Non Performing Loans (NPL) Initiative

High levels of non-performing loans (NPLs) have been a major challenge for the financial sectors of several EBRD countries of operation. NPLs depress credit activity, growth and ultimately job creation, perpetuating the private-sector debt problem.

In order to tackle the issue, the second phase of the Vienna Initiative (“Vienna Initiative 2.0”) launched a dedicated workstream with the overall objective of establishing institutions and processes for resolution of NPLs and the parallel process of financial restructuring in enterprises.

The NPL Initiative is a broad IFI NPL project on building greater transparency for country reforms and restructuring environments, sharing best knowledge on practices, and building capacity through dedicated technical assistance and training. The work is focused on Hungary (where the EBRD leads), Croatia and Serbia (with strong EBRD contribution), Albania and Montenegro, but most Central, Eastern and South-East Europe (CESEE) countries benefited from the Initiative.

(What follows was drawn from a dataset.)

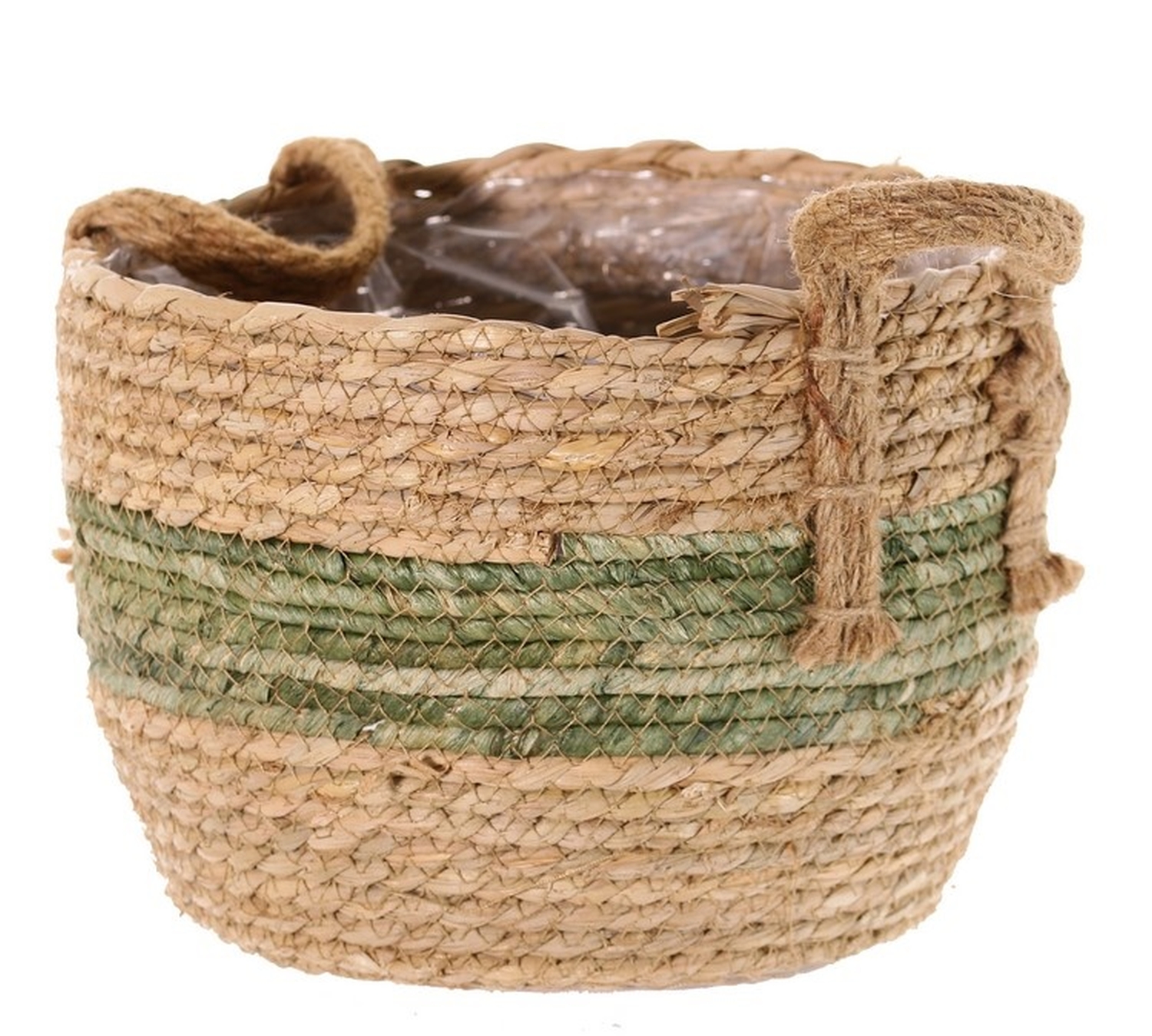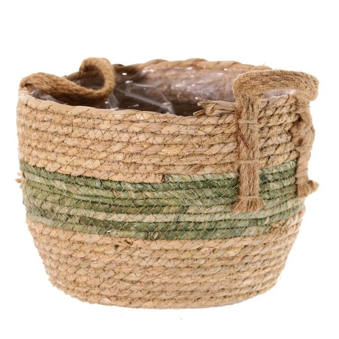 Korb Blumentopf UPALI, gebundenes Seegras, 2 Traggriffe, beige-grün, 26cm, Ø30cm

The present NPL workstream aims at three overlapping objectives:

  • Enhancing the transparency of restructuring frameworks: Through a specialized website and in-country workshops, we aim to make the national contexts more accessible for international investors and the local financial community.
     
  • Capacity building: Technical assistance is coordinated between the principal international organisations and EU bodies. Training in modern restructuring principles builds a better understanding among private market participants.
     
  • Knowledge sharing: Monitoring and disseminating NPLs data, regulatory reform updates, market transactions, and improvements in servicing capacities through the NPL Monitor (semi-annual publication). Further, there is a wealth of additional resources on the ‘knowledge hub’ website offering notes on best practice, relevant industry reports and key insights from the academic literature.

The EBRD runs a website which serves as an industry “knowledge hub”, and publishes semi-annual NPL Monitor, which monitors the evolution of NPL sales and structural reforms implemented to tackle NPLs in 21 countries in CESEE. The policy work was recently combined with the Bank’s €300 million NPL investment framework. Partly as a result of the NPL Initiative, NPLs in CESEE have fallen sharply in 2017/18, with the largest fall in NPL Initiative partner countries.

The NPL Initiative draws on the work within the IMF, World Bank, EIB, EU Commission and is managed by a small group of experts within the EBRD.